Он смотрит на меня и кивает. Следующие несколько страниц проходят в тишине.

– Постой-ка, эти листы новые, я даже еще улавливаю запах чернил. Кровавое Болото: трое женщин, сестры. Луала-Луала: семья, берег по соседству с Гангатомом. Семь дней спустя: Колдовские Горы, затем Нигики: мальчик с девочкой. Через четверть луны, Долинго: муж, жена и семеро детей. На следующей странице, пять дней спустя: посланный на их розыск отряд охотников на дороге из Миту в Конгор. Следующая страница, луна после… м-м-м…

– Что «м-м-м»?

– На выходе из Темноземья… Не убийство, но свидетель с Белого озера сообщает, что видел большое черное существо с крыльями летучей мыши; оно летело на людей, уже выбиравшихся на берег – к берегу они так и не пристали. Затем сообщение из Конгора, и снова участок дороги Миту – Конгор: семья, державшая придорожную гостиницу…

– Про тела лучше опустить.

– Снова дорога Миту – Конгор, а через восемь дней Долинго. Четверть луны спустя: Нигики, Луала-Луала, Кровавое Болото.

– Те же места в обратном порядке, почти все как по лекалу. С каких это пор у вампиров такая дисциплина?

– Ты меня спрашиваешь? Но даже это не самое странное. Дорога Миту – Конгор, а затем Долинго, спустя восемь дней. Новый лист, и еще одна запись, более полугода спустя: опять Долинго, а затем, спустя пять дней, та же дорога. От Долинго до Миту почти три луны, и то если верхом, а если по реке, то луны полторы. Как они добираются до тех мест так быстро?
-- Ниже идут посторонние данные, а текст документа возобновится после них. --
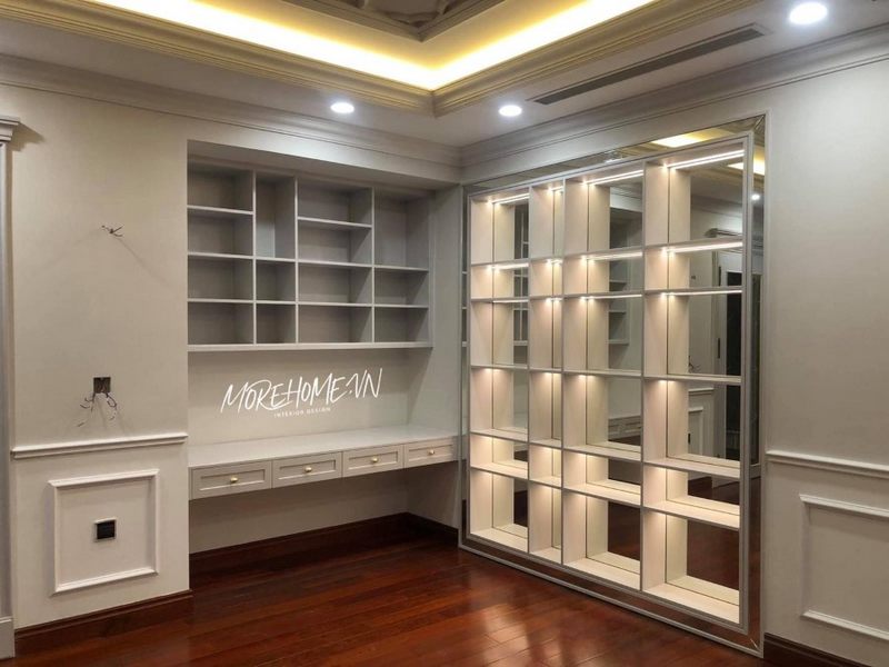 Morehome đã thực hiện công việc lắp đặt một sản phẩm kệ trang trí phòng khách bằng gỗ sơn trắng với ốp kính sang trọng.
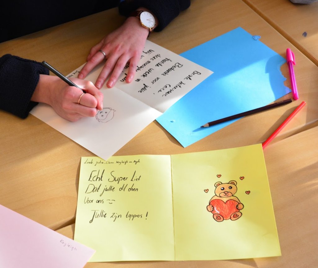 De Maartensdag van dit jaar stond in het teken van 'samen delen'. De leerlingen hebben voor diverse zorg- en hulpverleners kaartjes gemaakt om hen te bedanken voor hun werk. Zeker in het jaar 2020 is (extra) duidelijk geworden dat we heel dankbaar mogen zijn voor al hun werk. Het was leuk om te zien hoe onze leerlingen op een creatieve manier hun dankbaarheid konden tonen.
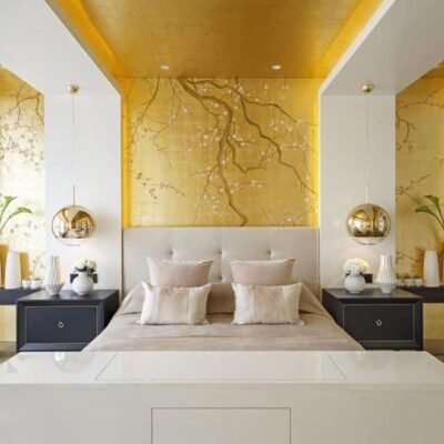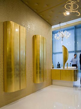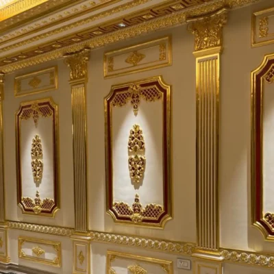 In living rooms, hotel lobbies, reception areas, and upscale interiors, gold leaf wall finishes make a powerful statement. The reflective surface gives ornamental walls more depth and improves lighting.
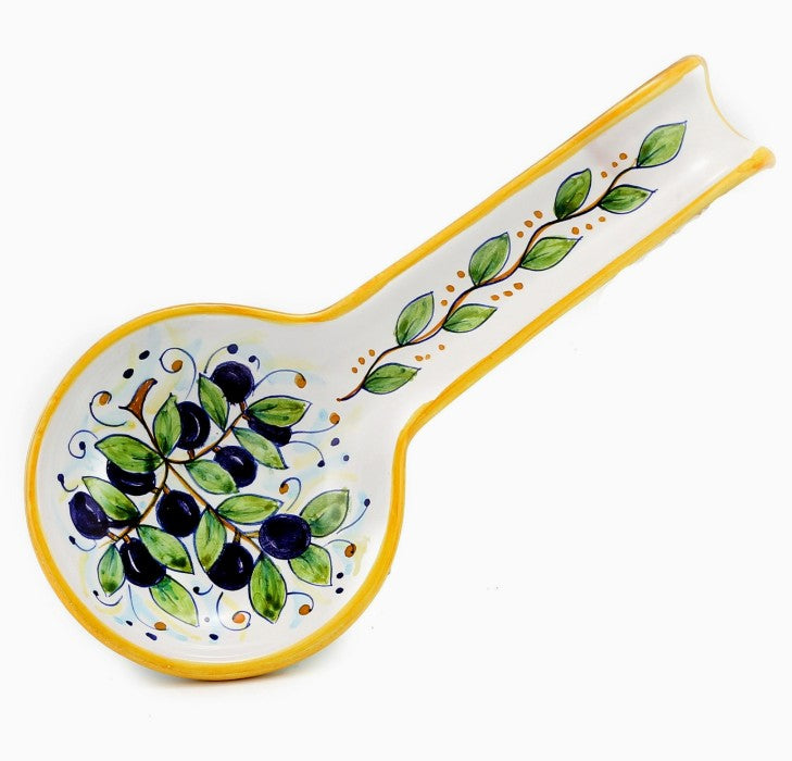 Authentic Deruta Italy Hand Painted Ceramic Spoon Rest, "Olives" in Gift Box, 11"
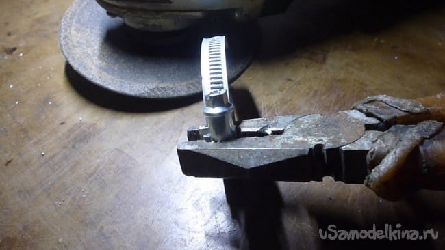 5. Подрезаем хомут крепления электродвигателя.
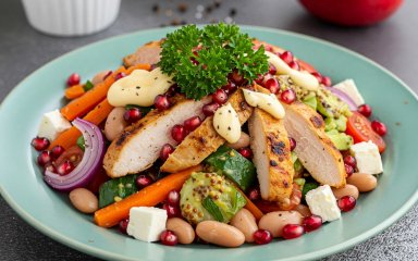Салати з гранатом — то любов! А якщо додати туди ще квасольки, моркви по-корейськи та діжонської гірчиці, то аж настрій від такої смакоти покращиться. Приготуй салат з куркою і гранатом «Світанок» і порівняй його з «Гранатовим браслетом». Котрий із них тобі більше до душі?
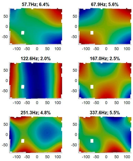 To simulate a “free–free” boundary condition, the plate was constrained by four ropes at its corners. Based on the plots in Figure 6, the first and second horizontal bending modes can be observed at 122.5 Hz and 253.1 Hz, respectively. Additionally, the first, second, and third twisting modes are observed at 68.1 Hz, 167.2 Hz, and 342 Hz, respectively. However, the mode at 12.3 Hz does not exhibit clear deformation or nodal lines. It is plausible that this mode corresponds to a pseudo-rigid-body mode associated with the constraints/boundary conditions imposed by the four ropes.
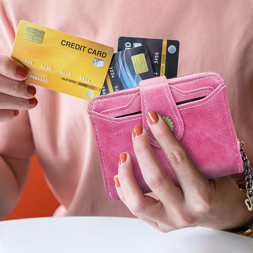 Small Wallets, PU Leather Bifold Card Holder Wallet for Women, Flower Decoration Compact Purse with Coin Pocket (Pink) 7

– Она когда-нибудь упоминала Малакал?

– Да, вот здесь, наверху.

– Могу предположить, что либо до, либо после там указано восточное побережье.

– Да, как раз вот здесь.

– Вот же черная сука!

– Это кто?

– Кое-кто с реки, кому там на дне самое место.

Эта водяная нечисть, должно быть, знала. Знала, но просто ждала, когда я сама это открою. Импундулу и его банда вампиров используют двери. Портал.

– Сколько имен там указано до повторения? – задаю я вопрос.

– Десять и девять, – говорит архивариус.

– Мне нужен список на языке, который я могу читать.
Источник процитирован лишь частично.